The footprint of the North American Class I railroad landscape is dramatically changing form, with this weekend’s landmark announcement that Calgary-based Canadian Pacific (CP) is acquiring Kansas City Southern (KCS) for $29 billion, in a deal that will establish the first freight railway connecting the United States, Canada, and Mexico.

CP officials said that this $29 billion deal is a stock and cash transaction and includes the assumption of $3.8 billion of outstanding KCS debt and values KCS at $275 per share, representing a 23% premium, based on the CP and KCS closing prices on March 19, 2021.
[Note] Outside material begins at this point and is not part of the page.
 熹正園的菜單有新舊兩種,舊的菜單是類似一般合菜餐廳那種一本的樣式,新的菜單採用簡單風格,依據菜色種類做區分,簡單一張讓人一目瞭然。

“This transaction will be transformative for North America, providing significant positive impacts for our respective employees, customers, communities, and shareholders,” said CP President and Chief Executive Officer Keith Creel in a statement. “This will create the first U.S.-Mexico-Canada railroad, bringing together two railroads that have been keenly focused on providing quality service to their customers to unlock the full potential of their networks. CP and KCS have been the two best performing Class 1 railroads for the past three years on a revenue growth basis. The new competition we will inject into the North American transportation market cannot happen soon enough, as the new USMCA Trade Agreement among these three countries makes the efficient integration of the continent’s supply chains more important than ever before. Over the coming months, we look forward to speaking with customers of all sizes, and communities across the combined network, to outline the compelling case for this combination and reinforce our steadfast commitment to service and safety as we bring these two iconic companies together.”
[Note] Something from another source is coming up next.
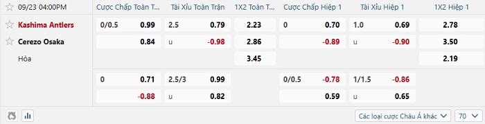 Tip kèo Châu Á hiệp 1 Kashima Antlers vs Cerezo Osaka

And CP added that CP and KCS will jointly connect shipper customers through single-network transportation offerings between points on CP’s system throughout Canada, the U.S. Midwest, and the U.S. Northeast and points on KCS’ system throughout Mexico and the South Central U.S. 

Other key benefits of this transaction include:

  • expanded market reach for customers served by CP and KCS;
  • new competitive transportation service options, and supporting North American economic growth;
  • the creation of jobs across the combined network; and
  • efficiency and service improvements which are expected to achieve meaningful environmental benefits

As a new entity CP said that it would remain the smallest of six U.S. Class 1 railroads by revenue, while it will be a much larger and more competitive network, operating approximately 20,000 miles of rail, employing close to 20,000 people and generating total revenues of approximately $8.7 billion based on 2020 actual revenues.

“KCS has long prided itself in being the most customer-friendly transportation provider in North America,” said KCS President and Chief Executive Officer Patrick J. Ottensmeyer in a statement. “In combining with CP, customers will have access to new, single-line transportation services that will provide them with the best value for their transportation dollar and a strong competitive alternative to the larger Class 1s. Our companies’ cultures are aligned and rooted in the highest safety, service and performance standards. Importantly, KCS employees will benefit from being part of a truly North American continental enterprise, which creates a strong platform for revenue growth, capital investment, and future job creation. Customers, labor partners, and shareholders will all benefit from the inherent strengths of this combination, including attractive synergies and complementary routes.”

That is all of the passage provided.